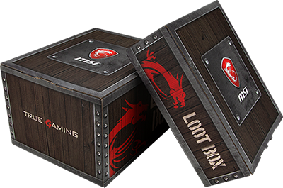Surfant sur la vague de cette mode tant décriée dans les jeux vidéo contemporains, MSI décide de lancer deux lootboxes remplies de goodies arborant le logo et les couleurs de la marque. Elles contiendraient à elles deux : un tapis de souris, une souris, un sac à dos, un casque et une peluche de la mascotte de MSI.
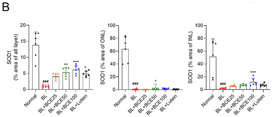 To determine the effect of BCE on antioxidant activity in mice, SOD1 expression was analyzed by IHC (Figure 5A). A 2-week exposure to BL significantly (p < 0.001) reduced SOD1 expression level in the retina compared to that in the retina of the normal group. However, BCE administration in the BL-exposed group rescued SOD1 expression (p < 0.001) in a dose-dependent manner (Figure 5B). These data suggest that BCE has a positive effect on antioxidant activity.
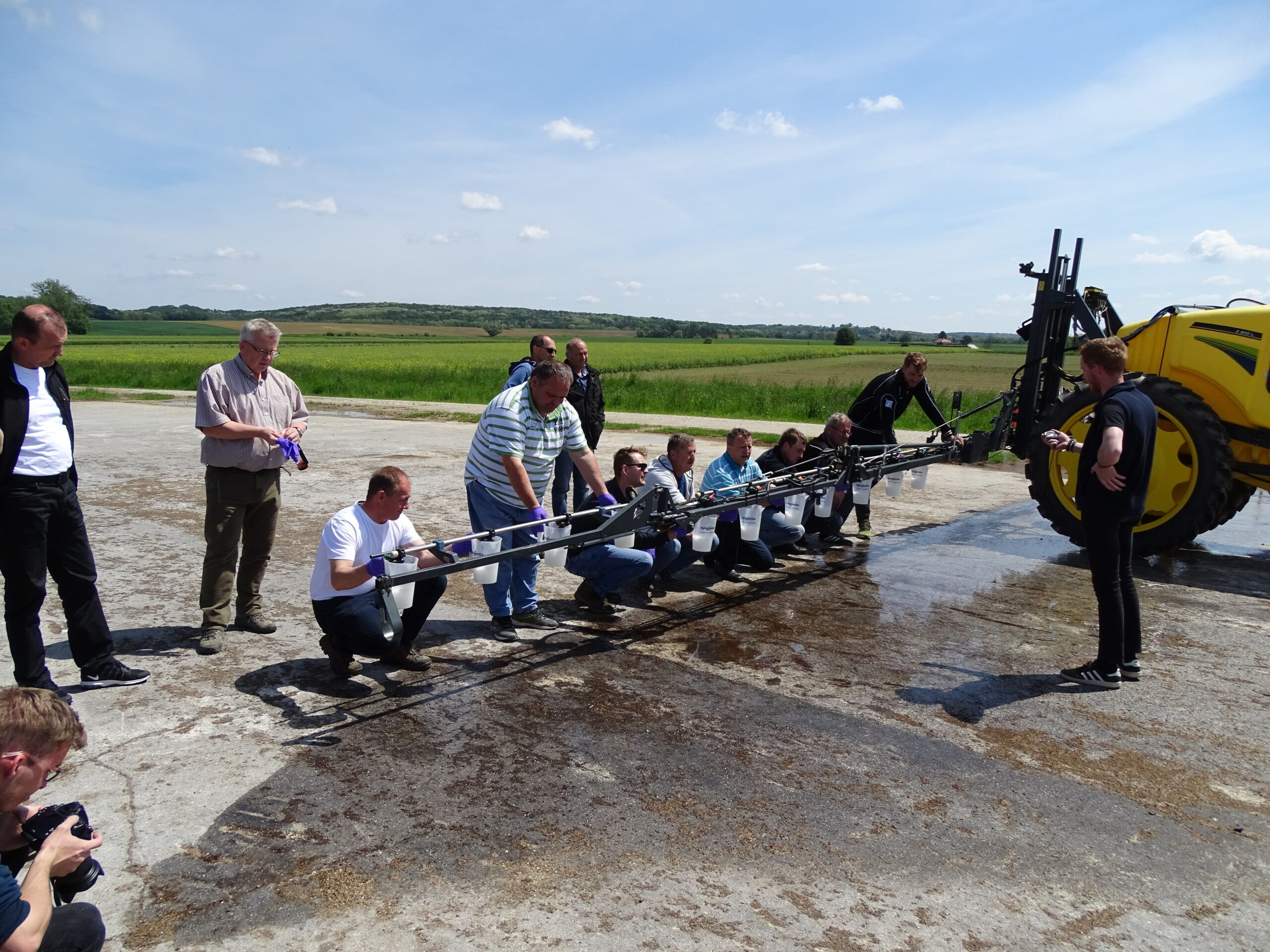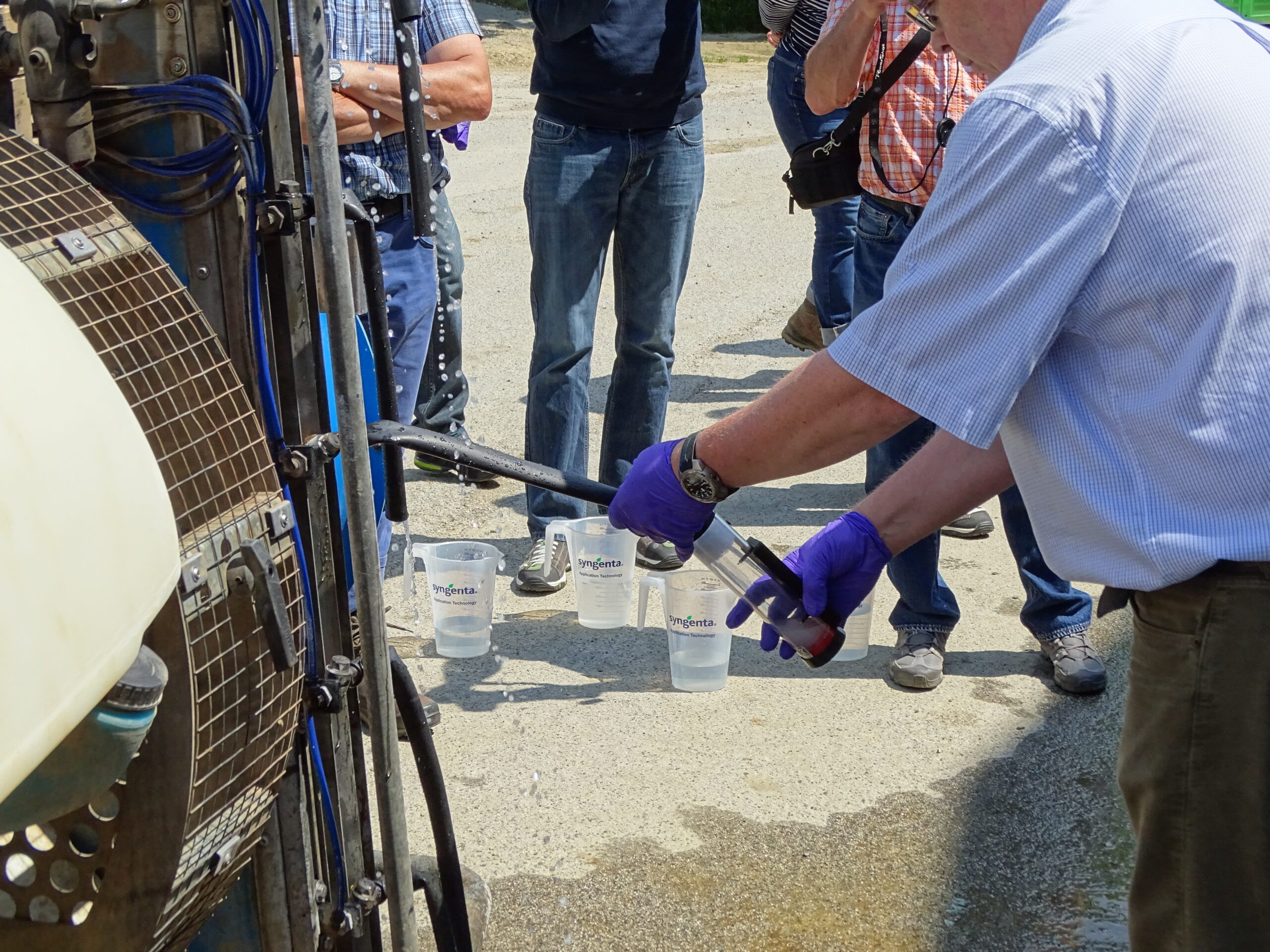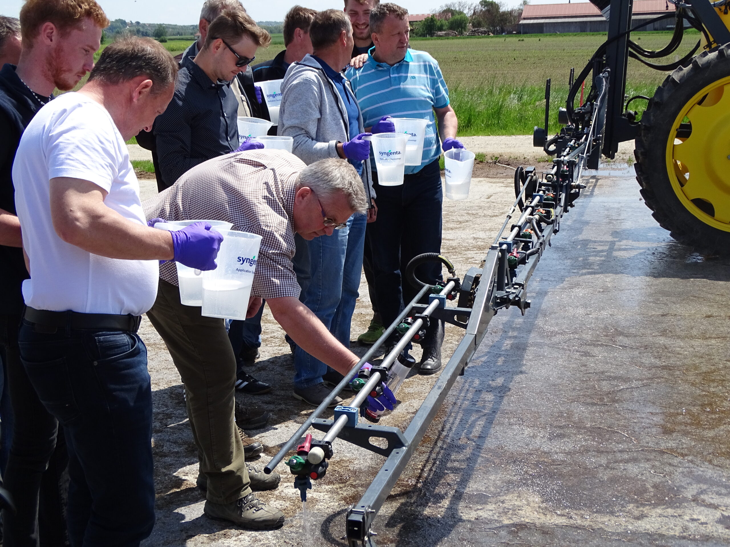 Izvedba umerjanja poteka po korakih, pri čemer potrebujemo nekaj osnovnih pripomočkov (štoparico, merilni trak, meter, kalkulator, beležko, palice za označevanje testne dolžine, merilni vrč, cevi za usmerjanje tekočine, mehko ščetko, ključ za nastavitev škropilnega kota šobe, lističe, ko so občutljivi na vodo).
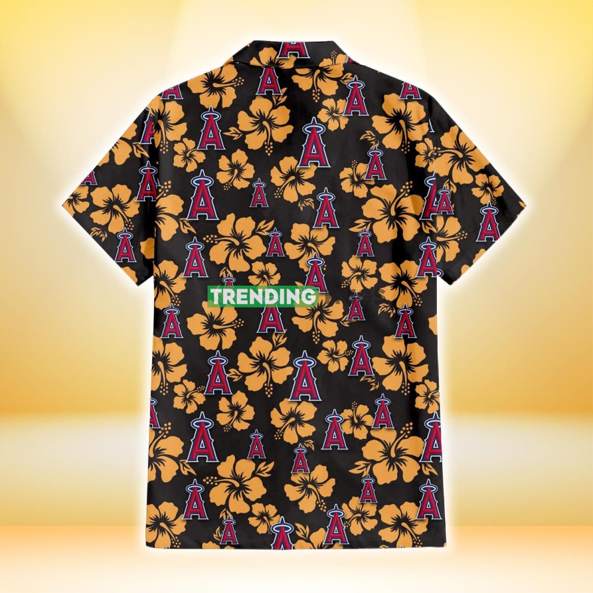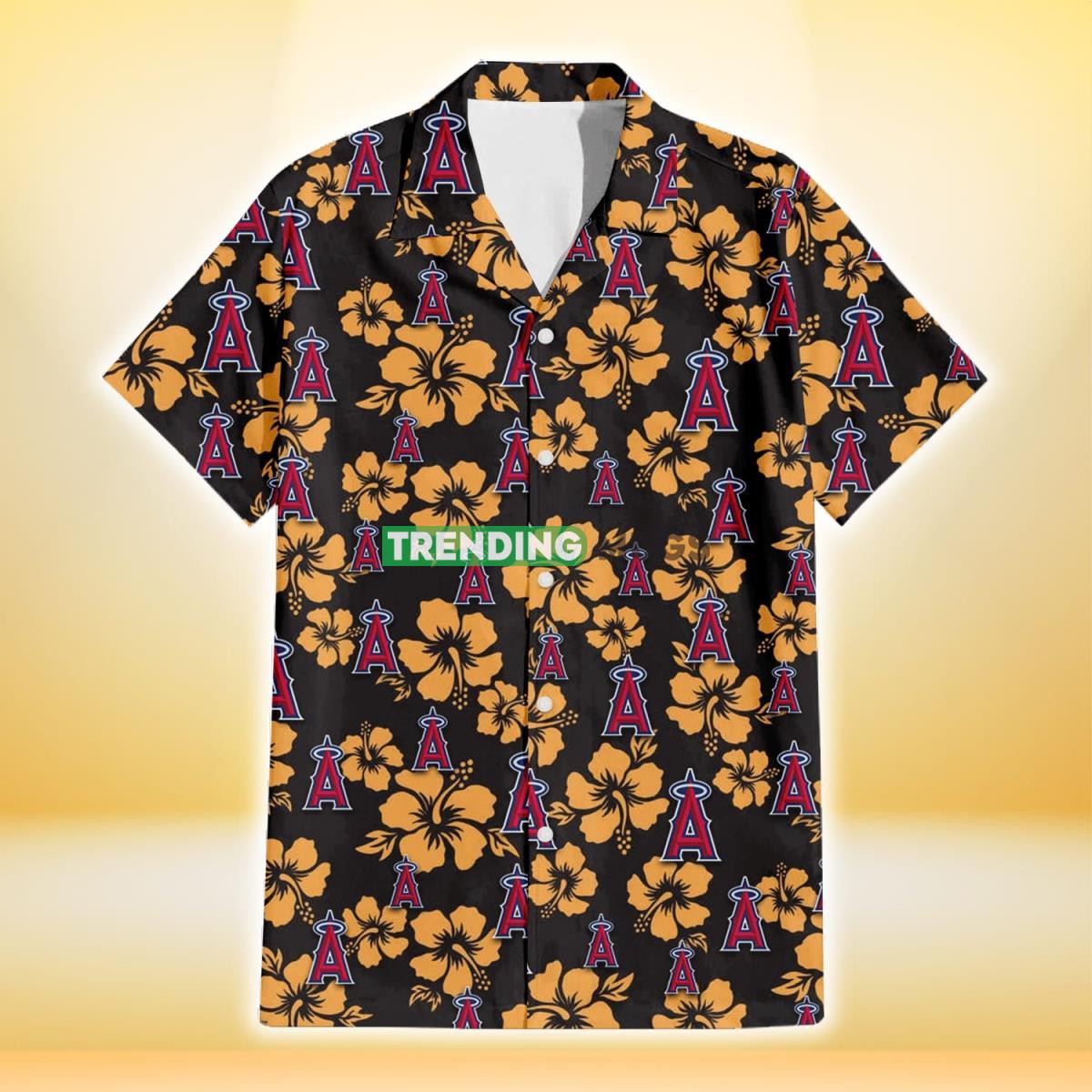 Some of the Los Angeles Angels Tiny Yellow Hibiscus Black Background 3D Hawaiian Shirt photos
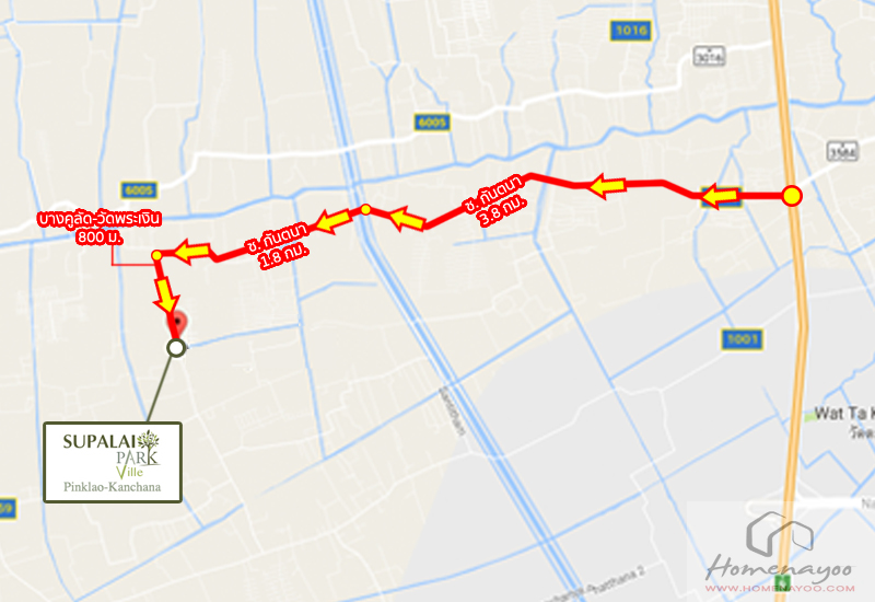 พอเข้าซอยกันตนาแล้วให้ขับตรงไป > ข้ามสะพานและไฟแดง > เลี้ยวซ้ายเข้าบางคูลัด – วัดพระเงิน > บางคูลัด – วัดพระเงิน > ศุภาลัย พาร์ควิลล์ ปิ่นเกล้า – กาญจนาฯ

════════════════

• TASK DETAILS:
Please transcribe the entries exactly, omitting the images.

• TASK RESPONSE:
Surfant sur la vague de cette mode tant décriée dans les jeux vidéo contemporains, MSI décide de lancer deux lootboxes remplies de goodies arborant le logo et les couleurs de la marque. Elles contiendraient à elles deux : un tapis de souris, une souris, un sac à dos, un casque et une peluche de la mascotte de MSI.
 To determine the effect of BCE on antioxidant activity in mice, SOD1 expression was analyzed by IHC (Figure 5A). A 2-week exposure to BL significantly (p < 0.001) reduced SOD1 expression level in the retina compared to that in the retina of the normal group. However, BCE administration in the BL-exposed group rescued SOD1 expression (p < 0.001) in a dose-dependent manner (Figure 5B). These data suggest that BCE has a positive effect on antioxidant activity.
 Izvedba umerjanja poteka po korakih, pri čemer potrebujemo nekaj osnovnih pripomočkov (štoparico, merilni trak, meter, kalkulator, beležko, palice za označevanje testne dolžine, merilni vrč, cevi za usmerjanje tekočine, mehko ščetko, ključ za nastavitev škropilnega kota šobe, lističe, ko so občutljivi na vodo).
 Some of the Los Angeles Angels Tiny Yellow Hibiscus Black Background 3D Hawaiian Shirt photos
 พอเข้าซอยกันตนาแล้วให้ขับตรงไป > ข้ามสะพานและไฟแดง > เลี้ยวซ้ายเข้าบางคูลัด – วัดพระเงิน > บางคูลัด – วัดพระเงิน > ศุภาลัย พาร์ควิลล์ ปิ่นเกล้า – กาญจนาฯ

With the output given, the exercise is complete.